Scalable Human-Machine Point Cloud Compression
This addresses the challenge of limited computational resources on edge devices for point cloud processing, though it is incremental as it builds on existing methods like PointNet++.
The paper tackles the problem of compressing point cloud data for efficient deep learning inference on edge devices by introducing a scalable codec specialized for machine classification tasks, while also supporting human viewing, and demonstrates significant improvements over prior non-specialized codecs on the ModelNet40 dataset.
Due to the limited computational capabilities of edge devices, deep learning inference can be quite expensive. One remedy is to compress and transmit point cloud data over the network for server-side processing. Unfortunately, this approach can be sensitive to network factors, including available bitrate.
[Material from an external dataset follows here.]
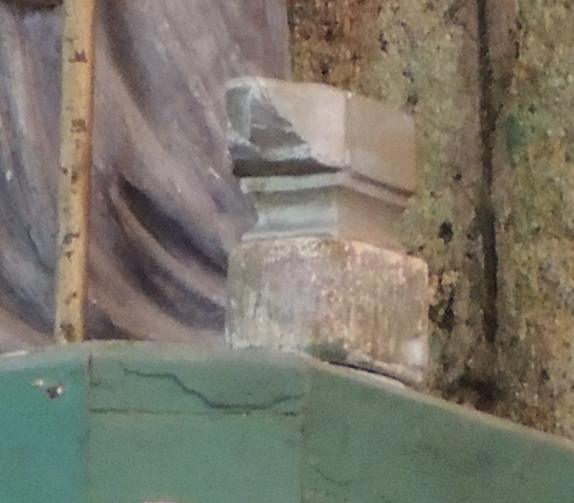 À ses pieds est posée une petite enclume de forgeron, cet attribut donnant une symbolique complémentaire. En effet on retrouve là le culte d'un saint populaire dans le diocèse de Quimper, formant une figure composite des saints Eloi[1]

Luckily, the bitrate requirements can be reduced without sacrificing inference accuracy by using a machine task-specialized codec. In this paper, we present a scalable codec for point-cloud data that is specialized for the machine task of classification, while also providing a mechanism for human viewing. In the proposed scalable codec, the "base" bitstream supports the machine task, and an "enhancement" bitstream may be used for better input reconstruction performance for human viewing. We base our architecture on PointNet++, and test its efficacy on the ModelNet40 dataset. We show significant improvements over prior non-specialized codecs.